- **Exercise goal**:
In the data below, find the line that contains "новейшая мода chill" and the line that contains "央视新闻在2024年10月2". Copy both, plus every line between them, exactly.

- **Data for review**:

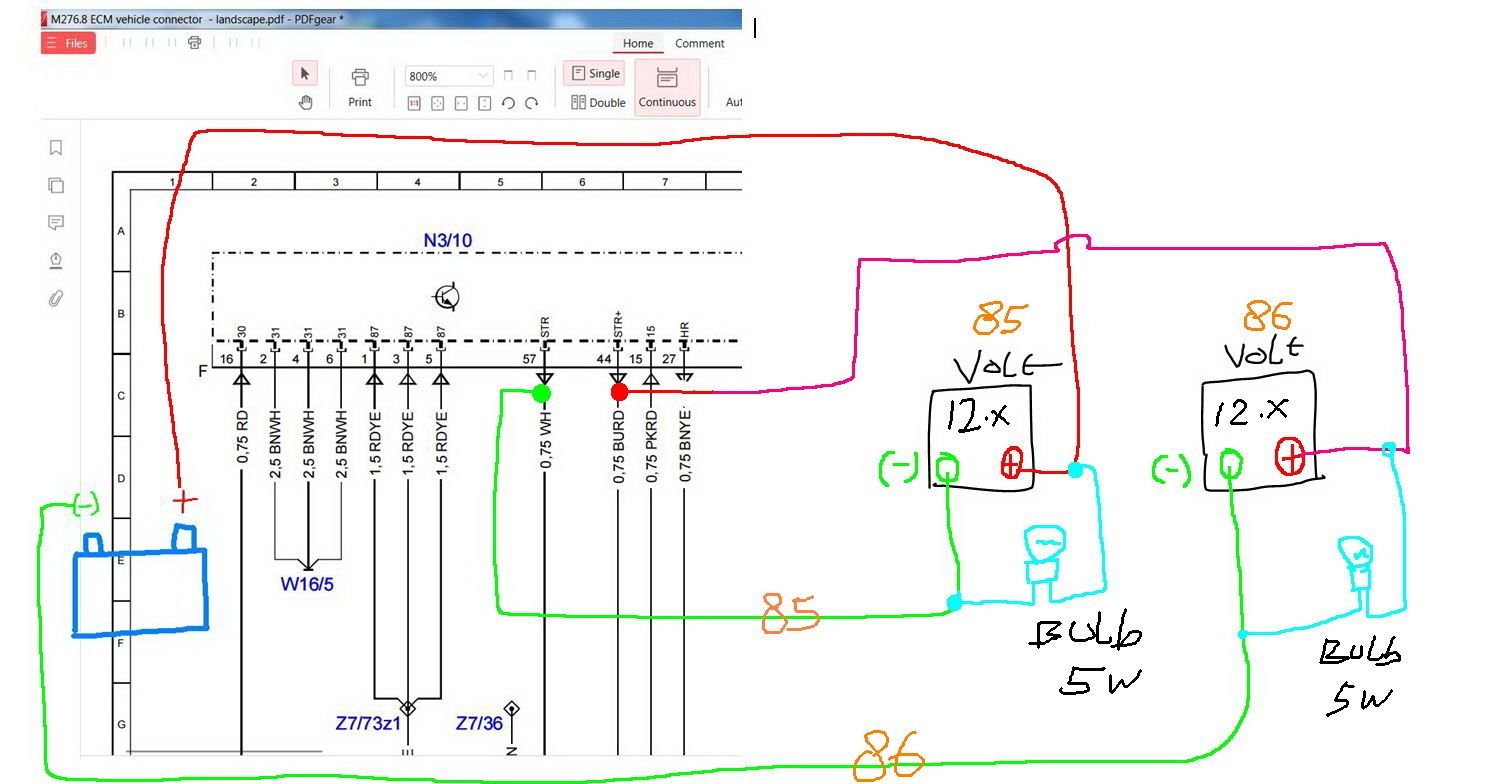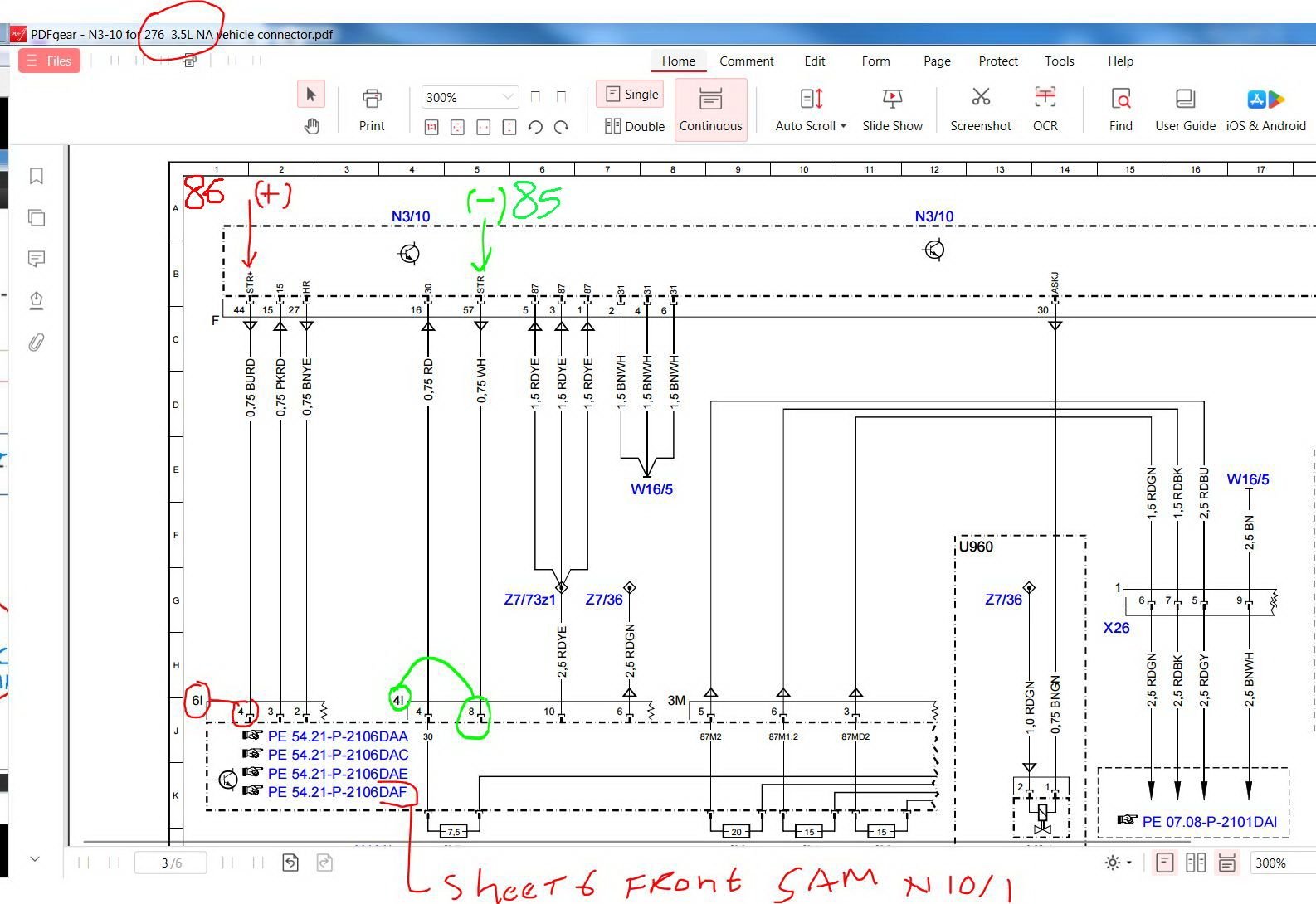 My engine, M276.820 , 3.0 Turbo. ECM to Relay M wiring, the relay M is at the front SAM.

...

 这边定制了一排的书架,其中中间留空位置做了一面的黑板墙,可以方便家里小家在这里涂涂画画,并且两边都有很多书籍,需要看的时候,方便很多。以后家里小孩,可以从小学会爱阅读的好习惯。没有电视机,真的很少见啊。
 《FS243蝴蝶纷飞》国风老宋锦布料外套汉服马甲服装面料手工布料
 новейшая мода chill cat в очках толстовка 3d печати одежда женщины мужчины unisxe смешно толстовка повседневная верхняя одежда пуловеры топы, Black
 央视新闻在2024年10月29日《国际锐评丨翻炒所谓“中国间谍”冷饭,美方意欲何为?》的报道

- **Task output**:
 новейшая мода chill cat в очках толстовка 3d печати одежда женщины мужчины unisxe смешно толстовка повседневная верхняя одежда пуловеры топы, Black
 央视新闻在2024年10月29日《国际锐评丨翻炒所谓“中国间谍”冷饭,美方意欲何为?》的报道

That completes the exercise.